Introduction: PVC Pipe Tetrahedron

About: Maker of things, hacker of robots. Code, mechanical, electrical, electronics, I like to play with it all.

This is a tetrahedron made out of PVC pipe and common fittings.

I was at the local hardware store looking at the PVC fittings when I realized that if I used side outlet elbows and street elbows I could put them together to make an interesting shape.

Since then I have looked around on the internet for other PVC pipe tetrahedrons or other platonic solids and have found very few pages and fewer that use common fittings that can be found in most hardware stores. The two that come closest are "PVC Polyhedra" and "Do the Math!: Make PVC Polyhedra", both by the same author. Same content, just different intros due to where they are published.

Supplies

  • 4 Side outlet elbows (3 female sockets)
  • 12 Street elbows (1 female socket, 1 male spigot, 90 degrees)
  • 6 sections of pipe all the same length

Step 1: Make the Vertices

Take one side outlet elbow (shown in green) and three street elbows (shown in orange.)

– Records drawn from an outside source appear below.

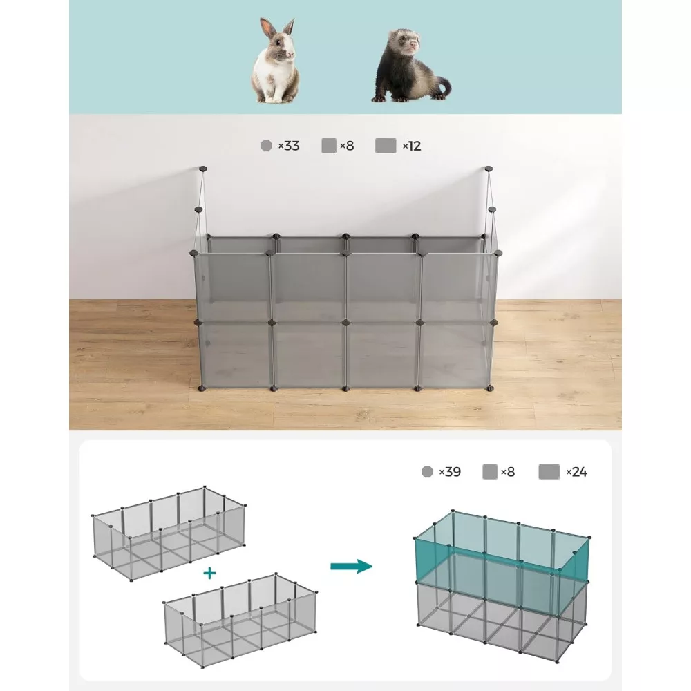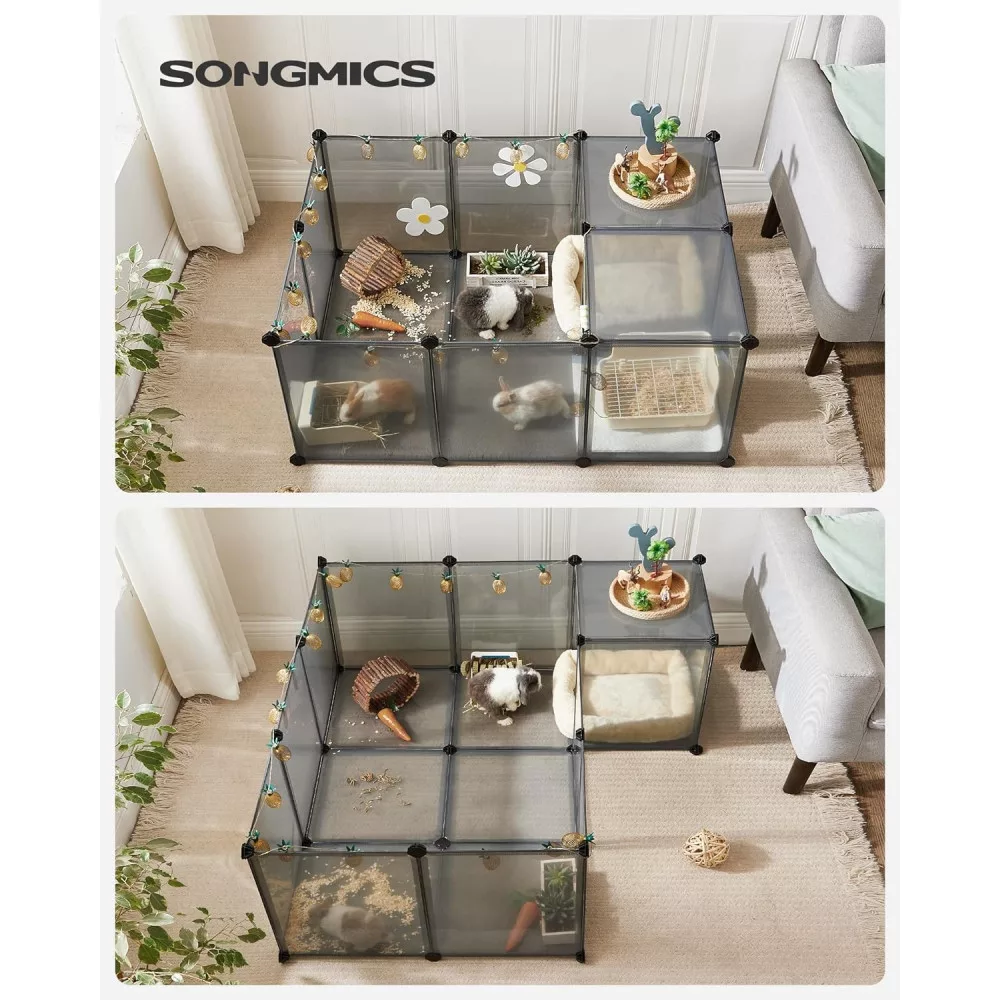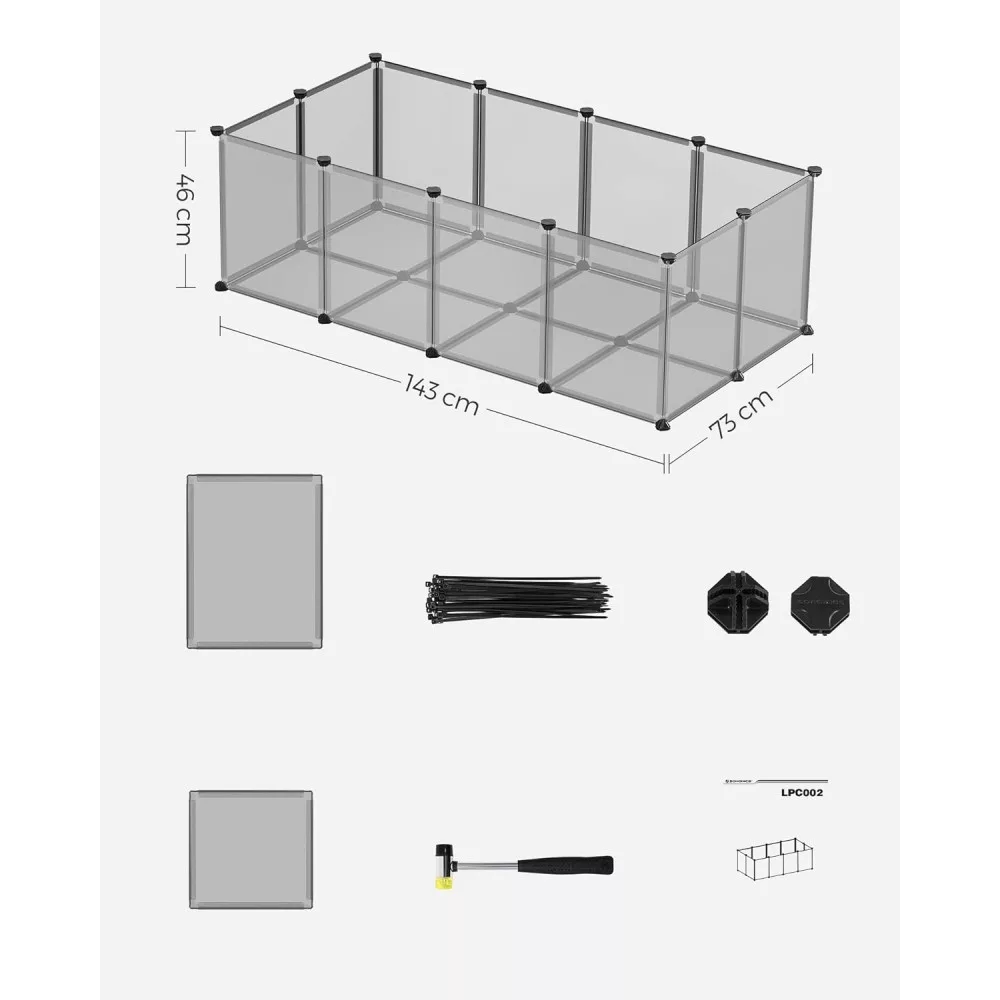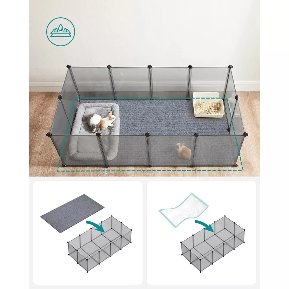 Összeszerelés Gyerekjáték: Egyszerűen csatlakoztassa a műanyag paneleket a több szögben állítható csatlakozókkal a mellékelt gumikalapács segítségével, és gyorsan felállíthatja ezt a kisállat játszóteret; a moduláris, könnyű szerkezet megkönnyíti a szétszerelést vagy az áthelyezést is
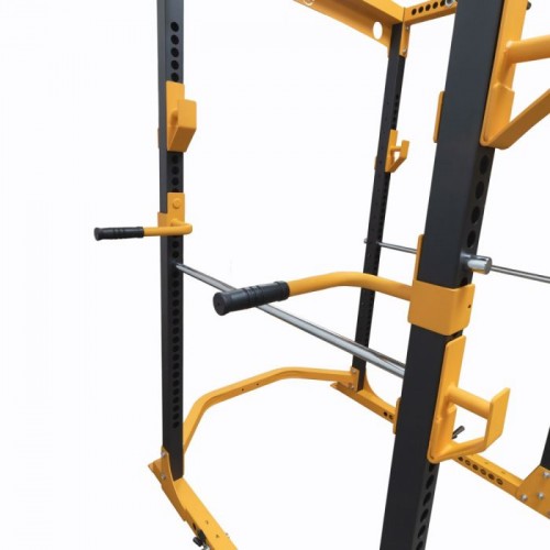 Our Power Rack is a Heavy Duty power cage that creates a safe and suitable environment for squatting, benching, and other lifts. Unlike many other cages in this price range, our cage comes with band hooks at both the top and the bottom of the cage, as well as dipping handles, and a pull up/chin up attachment across the top of the cage as well as numbered uprights to help you set your catcher/bar holder height with ease. Bar holders at both the front and back of the cage, giving ease of use whatever you are doing.
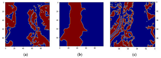 Table 1 and Table 2 shows the accuracy and F1 score obtained from 10-fold cross validation for three clusters with 3, 5, and 7 PCA bands, using the three scaling methods of standardization normalization (ns), max scaling (ms), and min–max scaling(sc) for the HSI2 Image 1 in Figure 7a, and HSI2 Image 2 in Figure 7b, respectively. The three clusters are land, water, and clouds. Table 3 and Table 4 show the accuracy and F1 score obtained from 10-fold cross validation for three clusters with 3, 5, and 7 PCA bands, using the three scaling methods of normalization scaling, min–max scaling, and max scaling for the HSI2 Image 2 in Figure 7b.
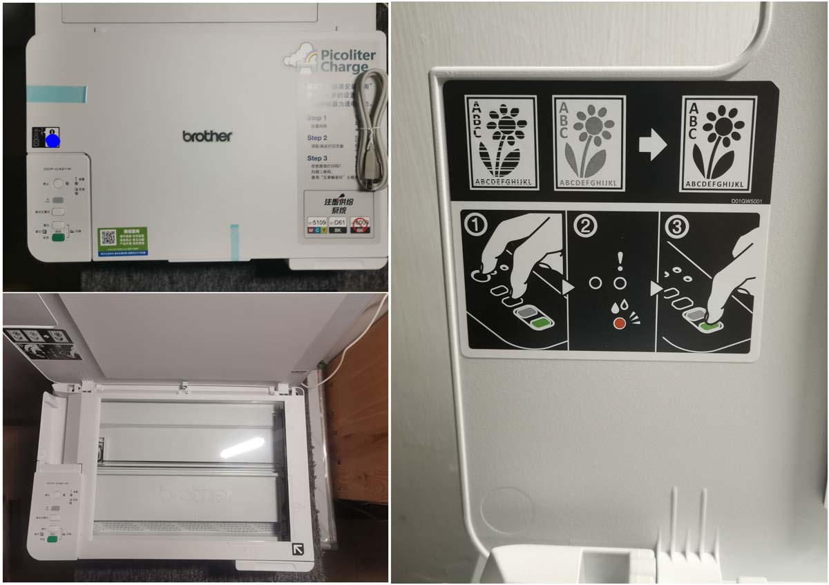 打印机的设计十分简约,上半部分是扫描仪部分,掀开就是放置稿件的地方,也贴了说明教大家怎么设置复印和打印的质量,左边是控制面板,右边正面是墨水仓库,整体设计非常的有条理。控制面板有复印键,连手机都不用,直接有稿件就能按需求选择复印黑白还是菜色,而身份证复印模式,能非常简单方便的在同一张纸上复印出正反面,对用户来说,复印功能是非常的简单方便。而且扫描仪分辨率能达到1200×1800dpi,能让复印出来的稿件达到非常的细腻的效果。
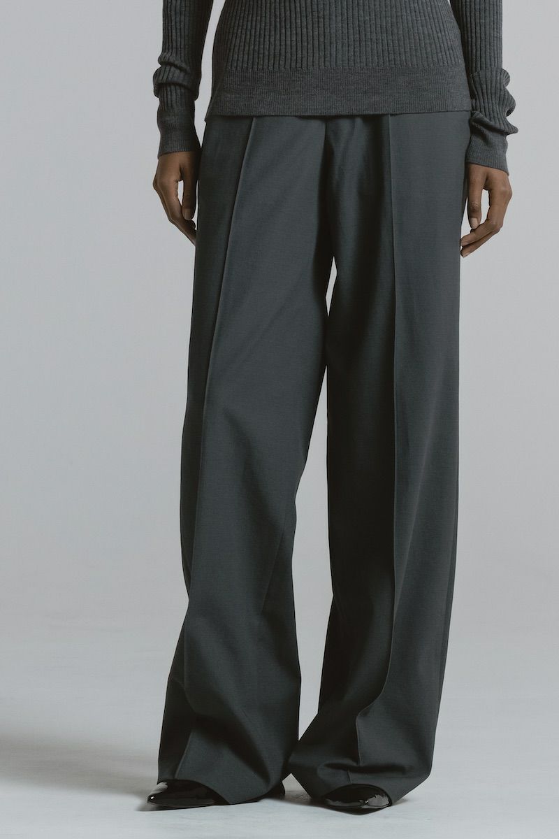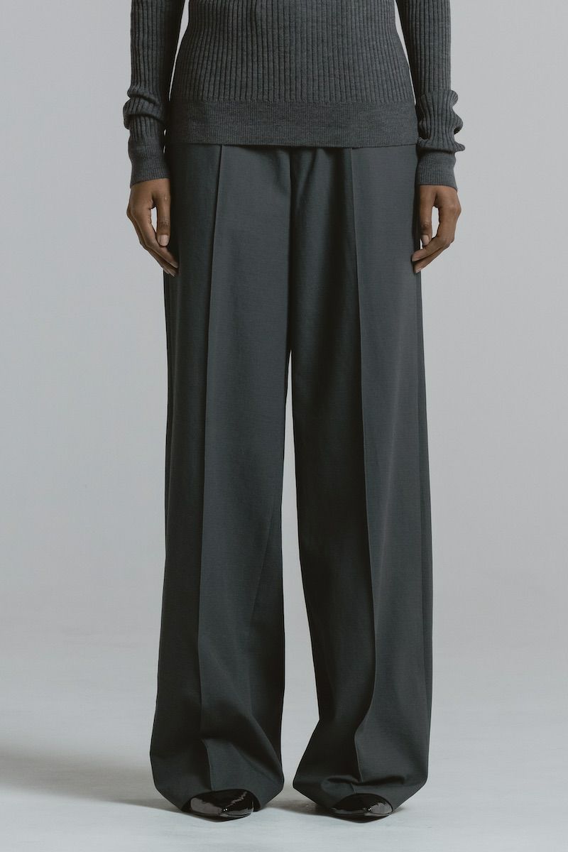 ・裾までまっすぐに落ちるシェイプが脚を美しく見せ、スタイリングを引き締める
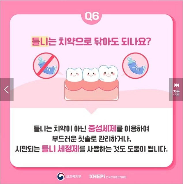 - 틀니는 치약이 아닌 중성세제를 이용하여 부드러운 칫솔로 관리하거나, 시판되는 틀니 세정제를 사용하는 것도 도움이 됩니다.
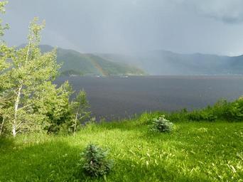 Keywords: thunderstorm rain rainbow canim lake british columbia canada scenery landscape weather glowing mountains water hills scenic nature clouds
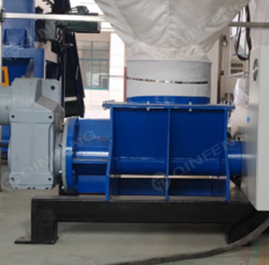 物料由高速旋转的螺杆输送到加热机筒。 主机螺杆将物料输送并加热至熔化状态,然后将其挤出,液压刀片将其切割成块,便于储存和运输。
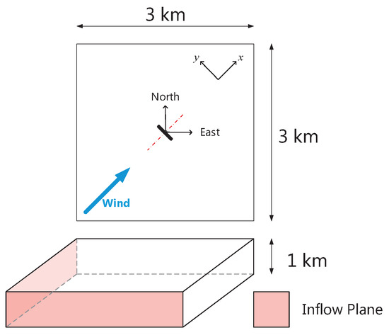 We generate the desired inflow field by first performing a precursor atmospheric LES. The computational domain size must be large enough to capture the largest important scales of interest. For neutral atmospheric stability, these largest important scales are on the order of a few kilometers. Accordingly, we use a domain extending 3 km in both horizontal directions and 1 km in the vertical direction (Figure 1). A uniform grid resolution of 10 m is used in each direction, resulting in a precursor mesh containing cells. We use periodic lateral boundary conditions; additionally, a driving pressure gradient body force term is applied such that a target horizontally-averaged velocity at a specified height is achieved. In the case discussed in this study, we drive the flow (with the wind out of the southwest) so as to achieve a velocity of around 8 m/s at a height of 80 m above the surface since we use a turbine with a hub height of 80 m for the wake generation. The mean wind speed of the generated field at that height is 8.12 m/s. The upper boundary of the domain is treated as a rigid stress-free lid while the lower surface is modeled as a flat rough wall. A wall shear stress boundary condition that uses the Monin-Obuhkov scaling law is applied at the lower surface (a no-slip condition would not be appropriate unless individual roughness elements are resolved, which is impossible with LES at such high Reynolds number and the current state of computing power).
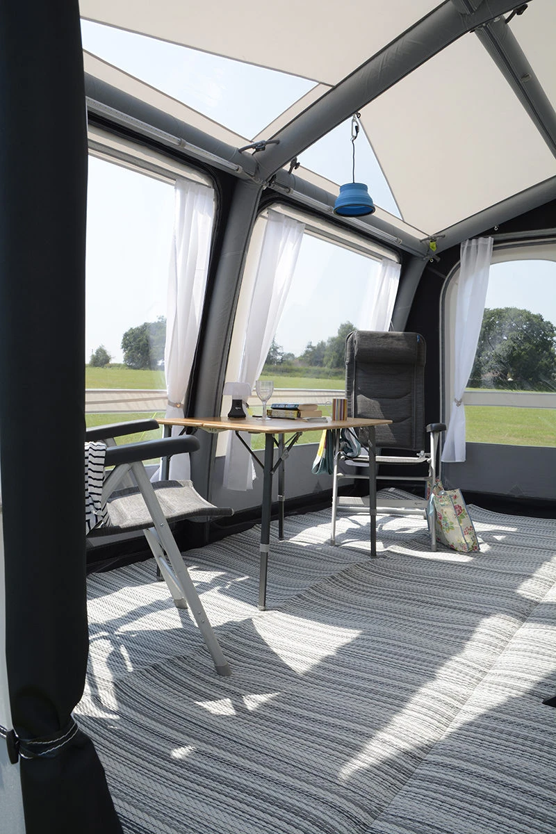 The ground-breaking versatility of our Rally AIR Pro 390 S enables it to fit a variety of leisure vehicles. Thanks to its patented Multi-Height System, the inflatable static awning can be used with both caravans and motorhomes with a keder connection that’s adjustable to various heights. Simply unzip the gusseted side panel, peg the awning down to fine tune the fitment, then close the internal zips to hide any excess material.
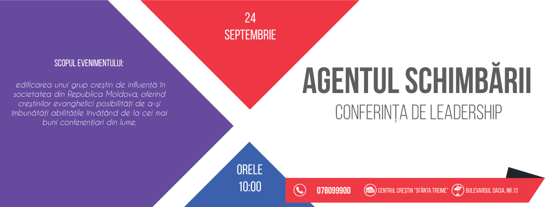 Te provocăm să excelezi şi să-L onorezi pe Dumnezeu prin excelenţă. Te aşteptăm cu drag în armata „Agenţilor Schimbării” sâmbătă, 24 septembrie, ora 10:00 la Centrul Creştin „Sfânta Treime” de pe Bulevardul Dacia 13.
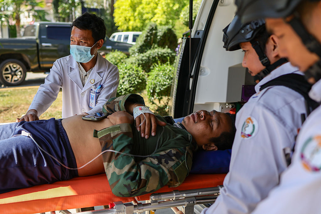 File/An injured Cambodian soldier is taken to a hospital at an undisclosed location, as Cambodia accuses Thailand of launching multiple strikes on Cambodian border areas, in Banteay Meanchey province, Cambodia, on December 26, 2025. (Daniel Ceng/Anadolu via Getty Images)
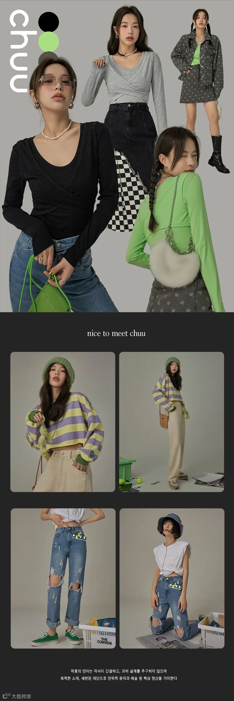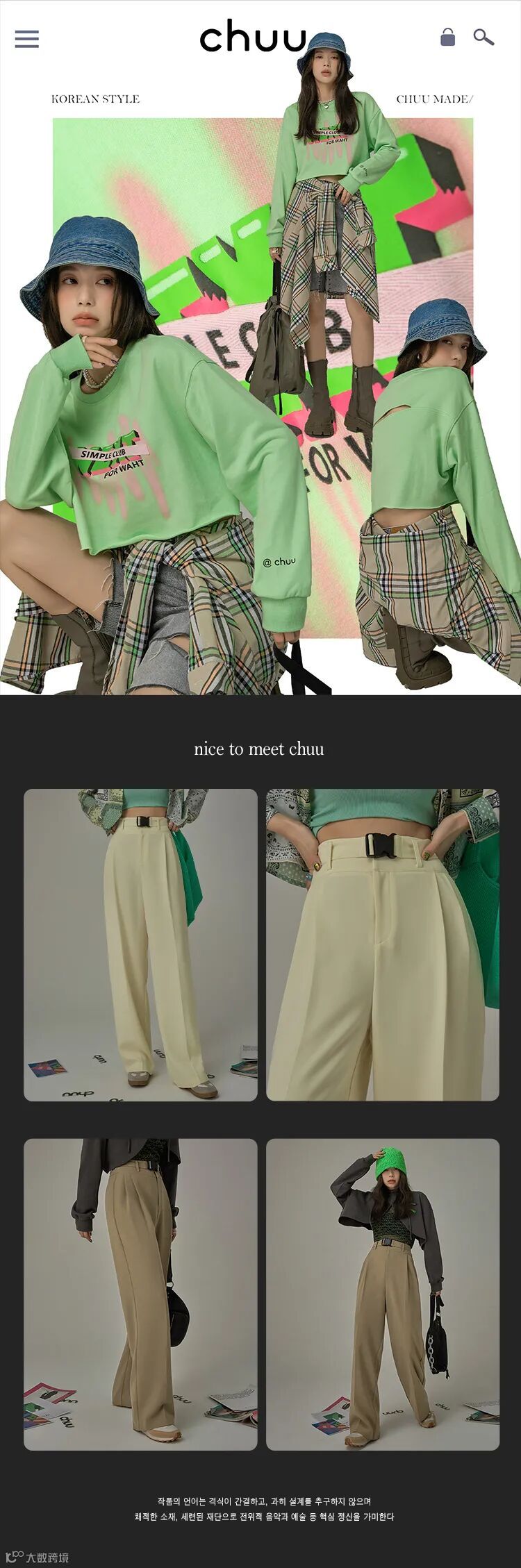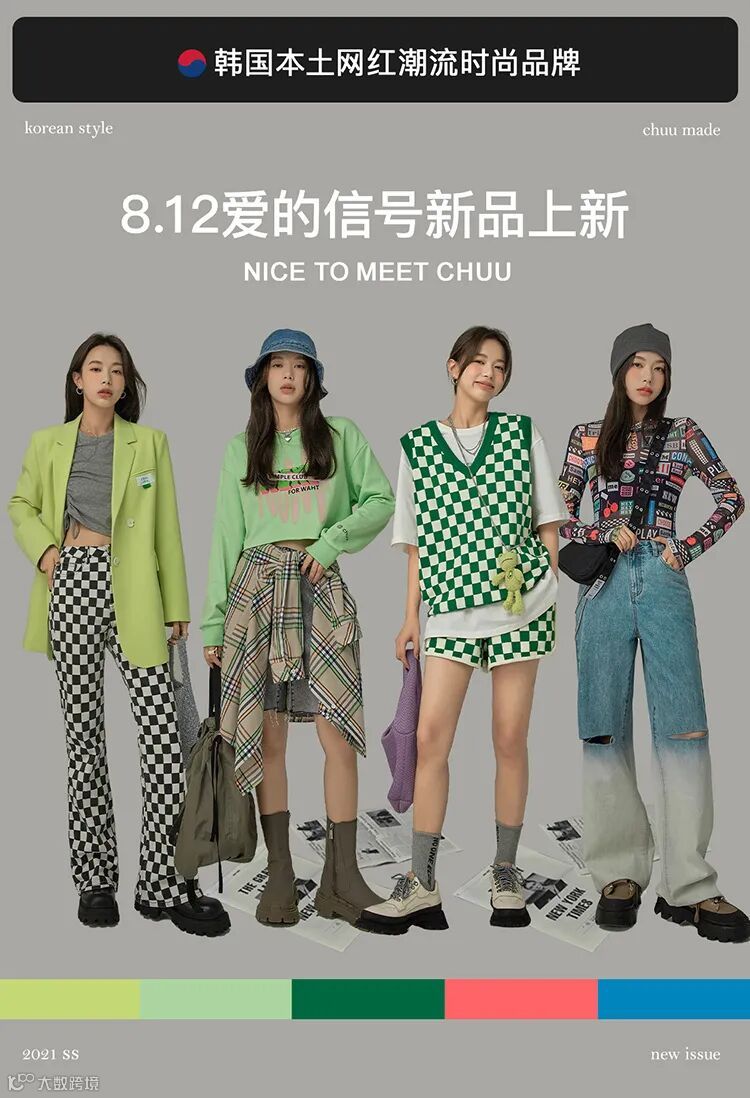 chuu,韩国本土网红潮流时尚品牌。2012年创立于韩国首尔。甜辣,轻运动,高调张扬的自我穿搭方式。
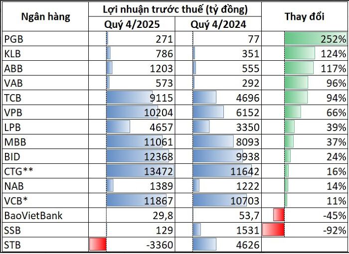Cập nhật kết quả kinh doanh ngành ngân hàng: Nhiều nhà băng báo lãi tăng gấp đôi trong quý IV/2025
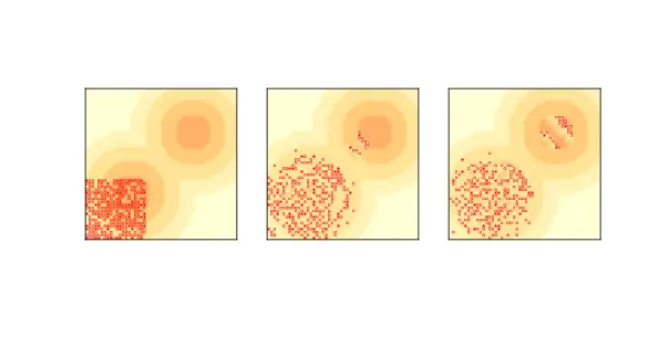 图?(中)显示两步后模型的状态。 大多数智能体正在移到糖最多的地区。 视力高的智能体移动速度最快;视力低的智能体往往会卡在高原上,随机游走,直到它们足够接近来看到下一个水平。
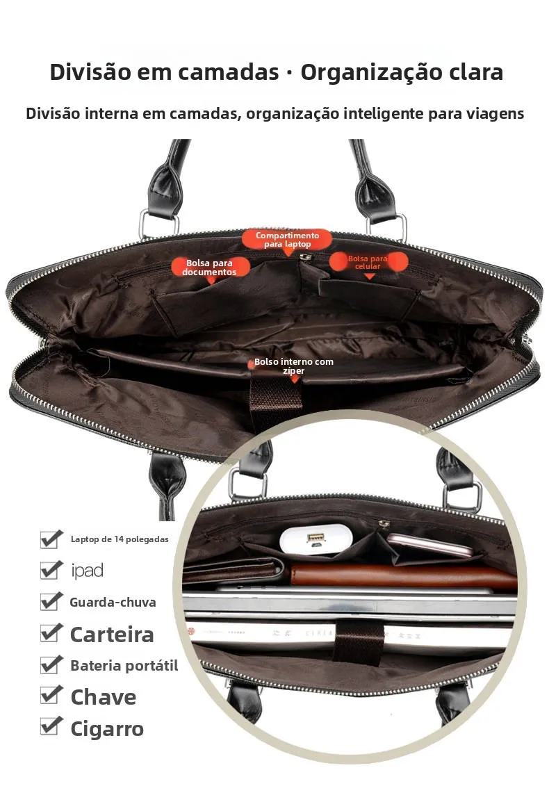 Com um estilo de negócios elegante, este saco é ideal para ambientes profissionais, destacando-se pela sua funcionalidade e design moderno.

Plug the street elbows into each of the side outlet elbow's sockets at 45 degrees away from the direction the other two legs of the side outlet elbow.

Repeat to make all four vertices.

Step 2: Add Edges

Take the assembled vertices and sections of pipe (shown in blue.)

Plug the sections of pipe into the street elbows' sockets.

Step 3: Try Other Variations

Using street elbows makes the basic design easy to assemble and explain. With short sections of pipe, they can be replaced with any 90 degree fitting to make connections to other PVC pipe objects.